Federal government is now funding research on CBD extracts

The federal government is now funding cannabis research on cannabinoid extractions and food additives. It’s a big story.

Here, however, the strange dichotomy within the federal government plays a role. Last month, a federal court referred a hemp tea seller back to a regional one for not meeting specifications, if not a generalized nuisance. In April, however, the news comes that a Berlin-based company, Becanex, has received a little more than a quarter of a million euros from the Central Innovation Program for Small and Medium-Sized Enterprises (ZIM) for developing a cannabinoid-containing emulsion for industrial food production.

Interesting enough, if not slightly contradicting, as is common in the weed business. It is even more interesting to understand that the federal government’s program behind it is no less than the Federal Ministry for Economic Affairs and Energy – which is as central as possible for future German economic investments.

It’s easy to categorize these developments in the big buckets of times when they are changing – and at a fairly rapid pace. But cannabiz is not and is far from being an industry in which it is possible to treat even hemp “like” any other plant. Even beyond the THC discussion.

The federal government is starting to accept hemp

Now that the worst stigma in general deviates from the flower, there is great curiosity about everything cannabis related and literally blooming all over Germany.
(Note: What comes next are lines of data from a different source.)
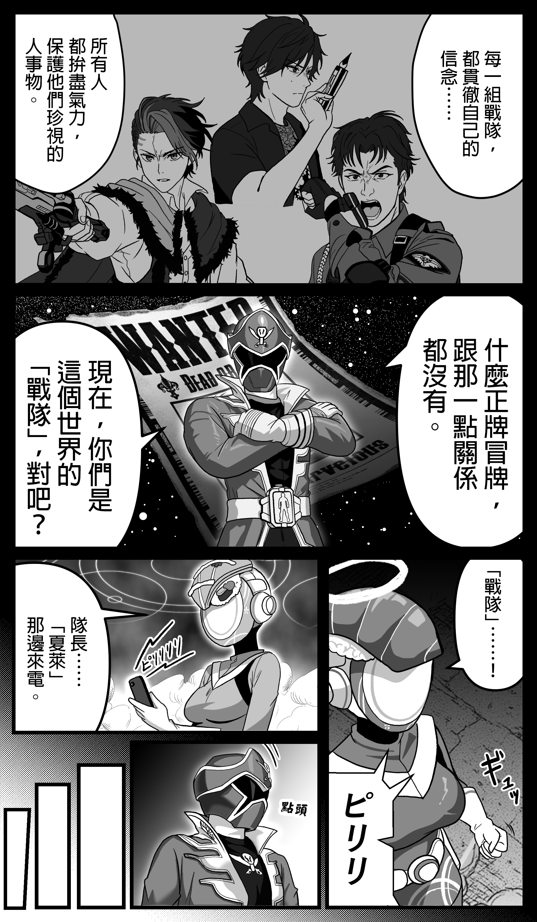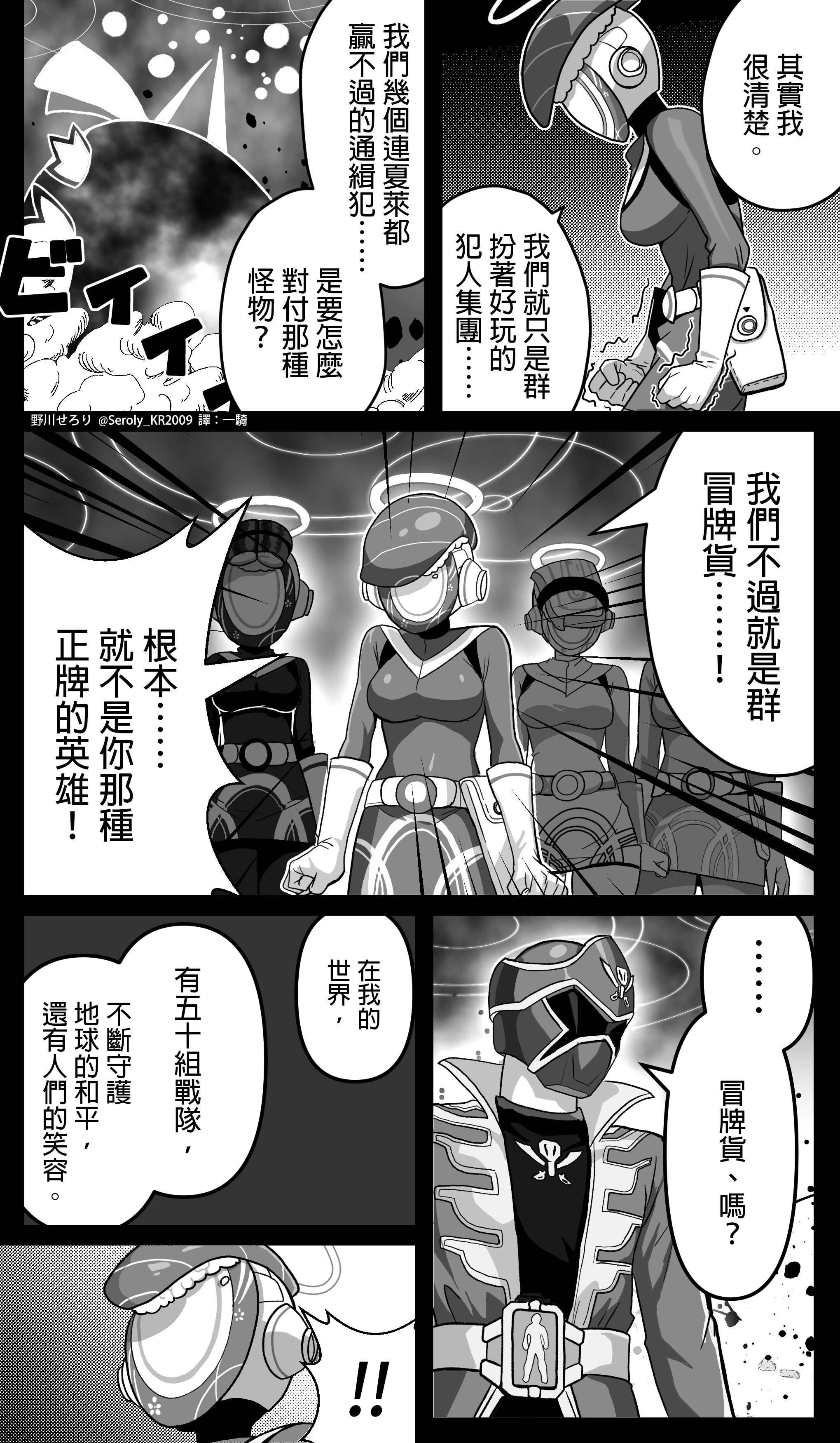 那三位也都是所謂的「冒牌貨」,左邊是君王者前期自稱邪惡之王而且搶走了原本紅國的變身器成為君王者,中間侍戰隊的殿下是本尊的影武者,右邊是時間連者的時間火焰,其原本變身者因為擔心自己未來會死(因為未來時間火焰的變身者會有死亡的歷史)所以設計讓別人頂替,然後海賊也都是所謂的「冒牌貨」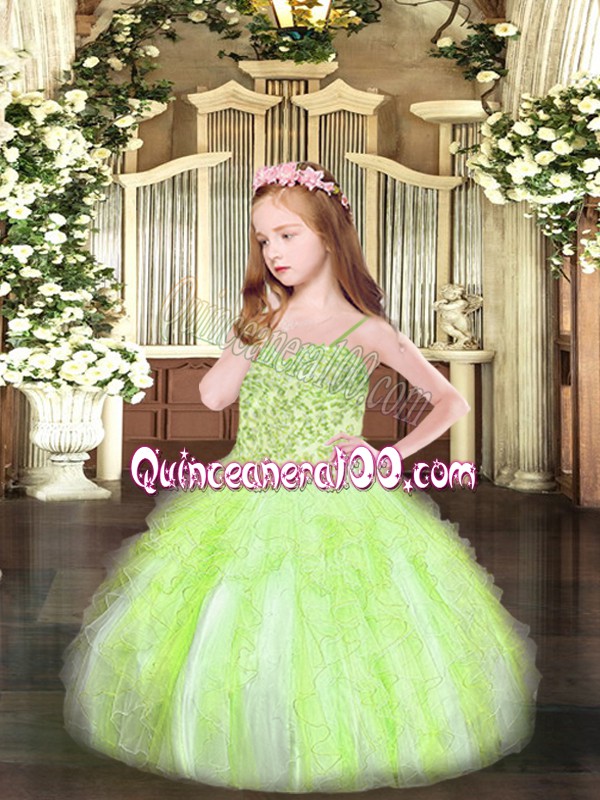 Neckline : Spaghetti strapsShown Color : Yellow GreenSilhouette : Ball GownsSleeve Length : sleevelessHemline : floor lengthBack Detail : Lace upFabric : OrganzaEmbellishment : Appliques,RufflesOccasion : Party,QuinceaneraSeason : Spring,Summer,Fall,Winter
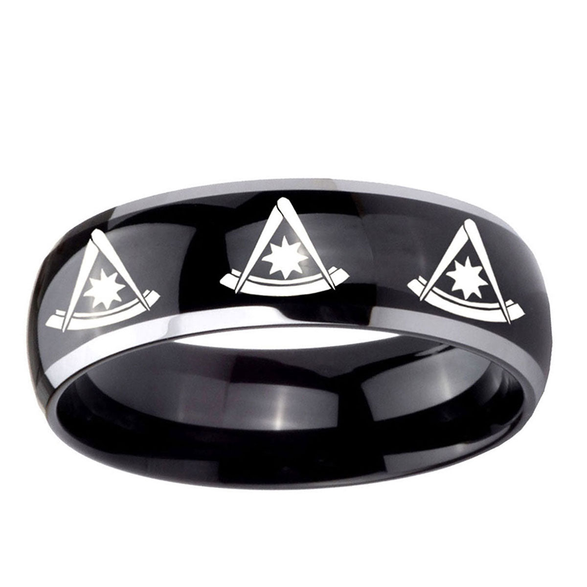 Intruding 5, 8mm Multiple Pester Master Masonic Dome Glossy Black 2 Tone Tungsten Mens Ring . Offer in both 5mm and 8mm band width polished black plated two tone finished from size 4 to 14

The medical discussion and regulation of the industry is in full swing. But beyond that? The common grocery stores offer cheap hemp oil on the front pages of the weekly mailers. Enter the stores themselves and hemp stands in multiple incarnations and in multiple sections on the shelves.

However, it is not easy to get there.

Until last autumn, the reality was that the entire plant (Cannabis Sativa L) was viewed as a “narcotic” at European level. Beyond the discussion of whether or not CBD is a narcotic, however, the next question lies. Namely, where the various extracts of the plant itself should be placed (beyond all psychotropic cannabinoids). This includes the highly controversial discussion about terpenes (which are themselves largely unregulated) as well as ample evidence from the cosmetics industry that at least when applied topically, unless otherwise consumed, a cannabis allergy is clearly present.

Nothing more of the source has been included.